Split up your observations and responses into a training and testing part each:

In [None]:
from sklearn.model_selection import train_test_split
# variable names are conventional, please also adopt them
X_train, X_test, y_train, y_test = train_test_split(X, y, test_size=0.2) # 20 percent go into the test set

In [None]:
for v in (X_train, X_test, y_train, y_test):
    print v.shape

Now, in order to evaluate properly, we need to train a classifier that has only seen the training part of the data, and is oblivious to the correct test set answers.

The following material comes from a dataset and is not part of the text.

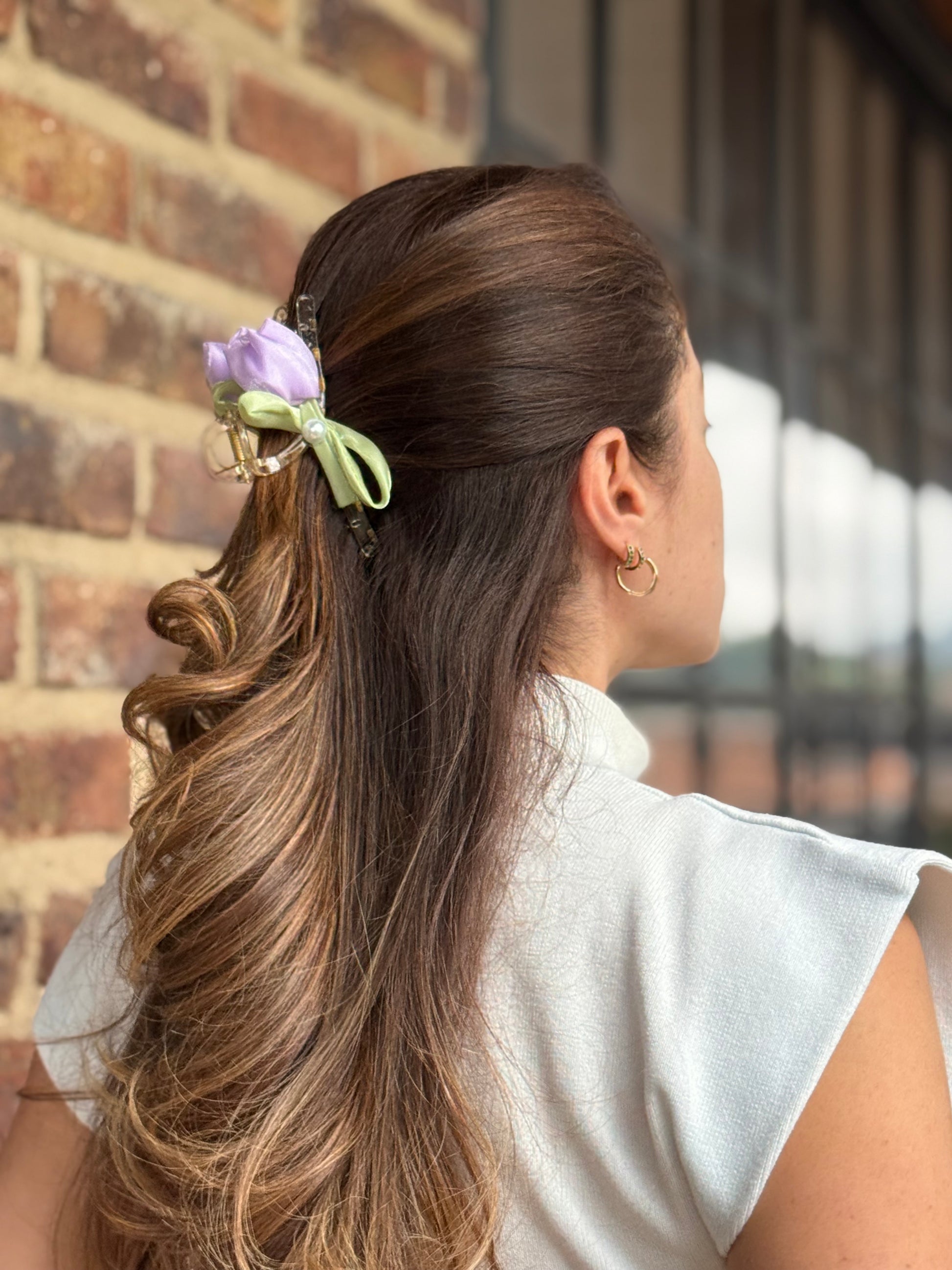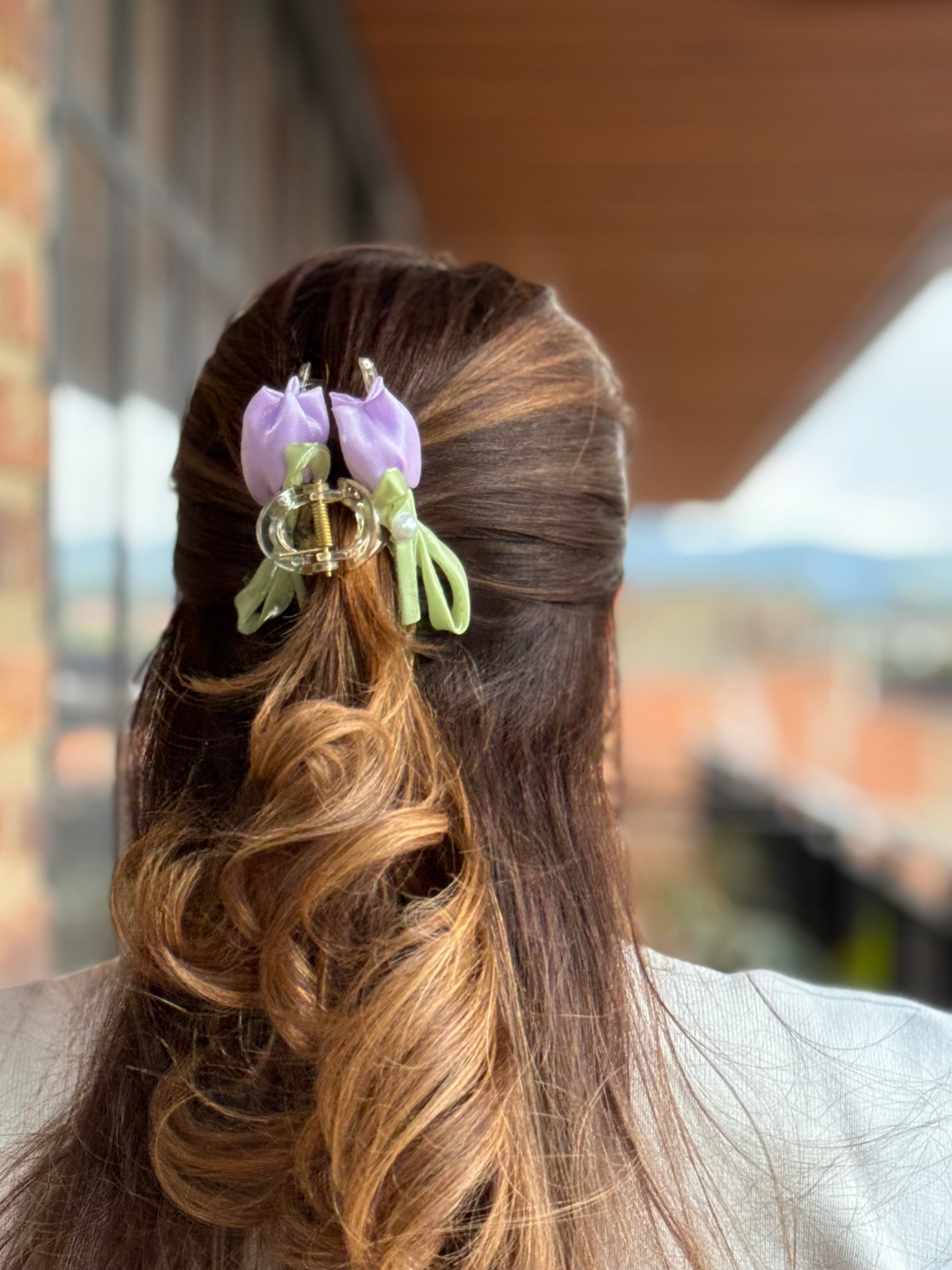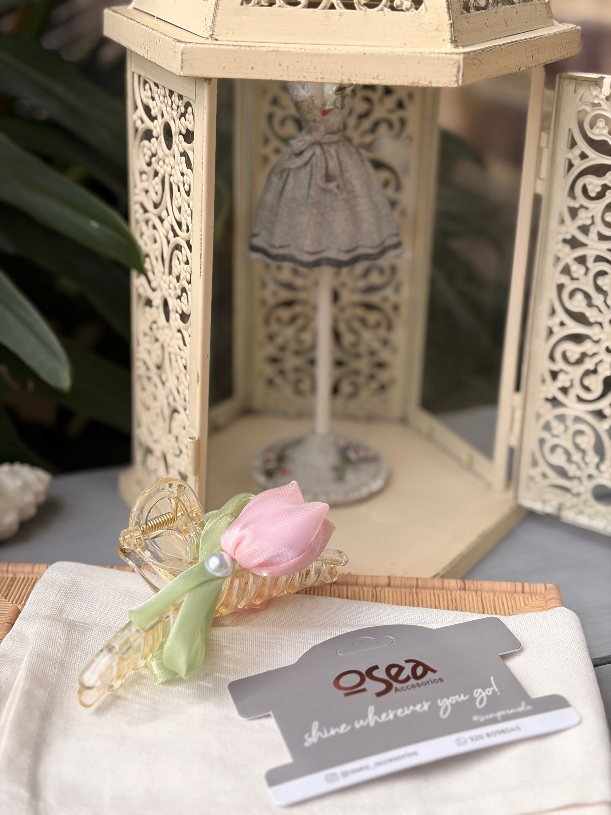 ¡Consigue un look a la moda con el caimán con tulipanes! Este accesorio no solo recoge tu cabello de forma elegante, sino que también le da un toque de color y sofisticación. Perfecto para cualquier ocasión, te hará sentir segura y hermosa. ¡Haz una declaración con tu cabello!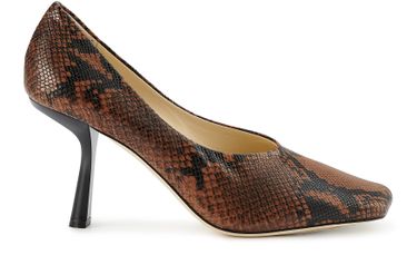 Introducing Jimmy Choo's Marcela 85 pumps, a stunning blend of elegance and modernity. Crafted from snakeskin print leather, these pumps feature a chic square toe and a sophisticated stiletto heel. The closed design ensures a sleek silhouette, perfect for elevating any ensemble with a touch of glamour.

Then, predict the correct answers for the test observations:

In [None]:
clf.fit(X_train, y_train)

y_pred = clf.predict(X_test) # always use `y_pred` as the variable name

**Question for you: What is the difference between `y_test` and `y_pred`?**

In [None]:
# compare `y_test` and `y_pred`:
print "Actual\tPredicted"
for t, p in zip(y_test[:10], y_pred[:10]):
    print "{}\t{}".format(t, p)

### Evaluation by calculating accuracy

Now that we have the predictions for the test set examples, and the true answers, we can evaluate automatically the performance of the classifier. There are several different reasonable metrics, accuracy is by far the simplest:

In [None]:
from sklearn import metrics # module dedicated to measuring performance
metrics.accuracy_score(y_test, y_pred)

**Question for you: How is accuracy computed?**

If you cannot answer this question, look it up. Then try to implement an accuracy function yourself: one that takes `y_pred` and `y_test` as inputs.

# 4 Outlook

This method of model fitting and evaluation has several problems, which we will discuss in later classes. To give you some food for thought:
- We have split the data randomly into training and testing examples. Therefore, it is possible that the test only contains "easy" examples or only hard ones. Isn't this a bit unfair?
- Each classifier has hyperparameters that need to be set by the user. For instance, `n_neighbors` in our case. We have set it to `5`, an arbitrary decision. Can we do better than that?
- Does accuracy work for a regression problem? Why not?